Aku masih memompa vaginanya dengan konstan sambil memukul pantatnya yang buat. Hanya itu yang bisa kulakukan saat ini.

“Lebih cepat, Mas. Aduh. Oh. Kita harus sering-sering Uhh”

Ia meracau makin tak jelas. Sesekali, kepala menengok ke arahku. Sangat menggairahkan wajahnya. Rasanya, ingin kuterkam bibir dan seluruh bagian wajahnya. Oh ya, aku menaikkan kecepatan pompaan pada vaginanya.

“Mas, please. Harder, please”

Ia makin mendesah. Bahkan, Ia ikut menggerakkan tubuhnya maju mundur. Penisku rasanya seperti ditelan lalu diaduk dan dihempaskan. Begitu terus sampai merinding.

“Bareng Mas, Ahh. Saya mau sampai. Ayo Ah. Ah. Ah”

Spermaku sudah di ujung. Gerakanku juga makin cepat cenderung tak beraturan. Tangan Dokter Mirza diarahkan ke belakang, kutarik dan kujadikan tumpuan. Kami makin kacau, gerakannya tak terkontrol.

“OH MY GOD OOOHHHH”

Kami orgasme, bersamaan. Aku sampai tak percaya orgasmeku bisa semenegangkan begini. Sensasi bercinta dengan Dokter Mirza selalu menakjubkan. Atau memang berselingkuh selalu seperti ini? Entahlah.

Dengan nafas yang belum teratur benar, kami beranjak merapikan diri. Dokter Mirza memilih lebih dulu ke kamar mandi, aku mendapat giliran setelahnya. Tak ada kalimat keluar dari mulut kami berdua sampai keadaan kami benar-benar rapi. Lalu kami tertawa bersamaan. Sungguh lucu bagaimana puncak kenikmatan yang baru saja kami raih. Aku merasa seperti sepasang ABG yang baru saja mengenal seks. Tak mengenal tempat dan waktu. Tiap ada kesempatan, hajar saja. Belum pernah rasanya aku semenggebu ini dalam urusan seks. Wanita ini telah membuatku melupakan akal sehat.

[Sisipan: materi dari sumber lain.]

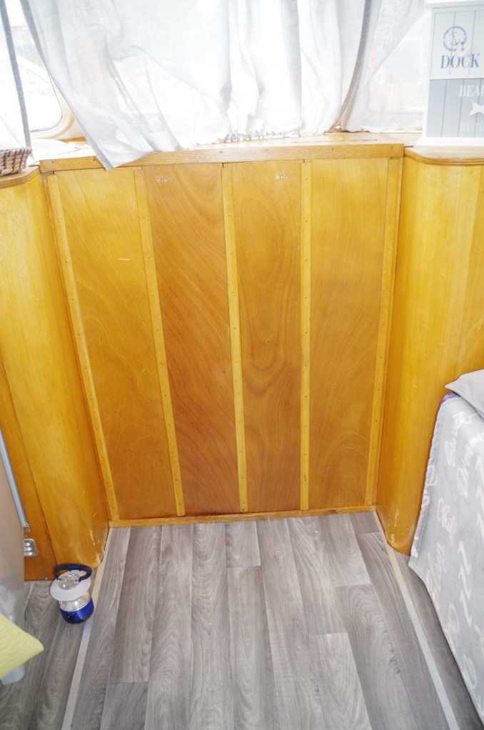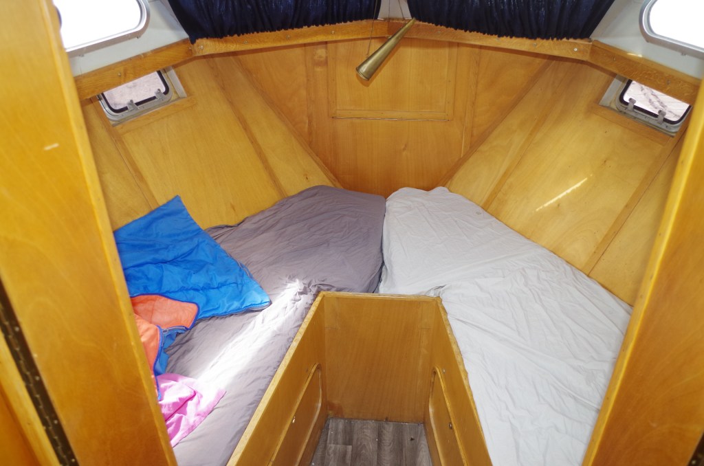 Pointe Avant/ Forward cabin : Cabine fermé, lit en V hauteur sous barrot 1.85m

“Saya pamit duluan ya Dok,” kataku mengundurkan diri

“Hati-hati, Mas. Nanti aku kabari perkembangannya,” jawabnya dengan senyuman menggoda

Kami punya kebiasaan langsung bertingkah formal setelah bersetubuh. Oh ya, hari ini adalah keempat kalinya kami mengadu alat kelamin. Dua kesempatan lain kami lakukan di sekolah miliknya dan ruangan ini juga. Dan sudah sebulan sejak pertama kali kami berselingkuh. Sejauh ini semua berjalan lancar. Kami sama-sama puas. Kemampuan oral Dokter Mirza juga kian baik. Jangan tanya lagi bagaimana Ia mempermainkan penisku di vaginanya. Sebenarnya belum terlalu banyak variasi gaya bercinta yang kami lakukan. Ini juga karena waktu kami tak pernah banyak ketika bersetubuh. Dengan postur tubuh seperti itu, doggy style adalah favoritku. Namun Ia lebih suka di atas, katanya. Kami sedang memutar otak mencari waktu yang lebih panjang untuk lebih mengeksplorasi fantasi masing-masing.

*

“Untuk rencana studi banding dan pelatihan teman-teman kader, Mas Bayu jadi ikut?”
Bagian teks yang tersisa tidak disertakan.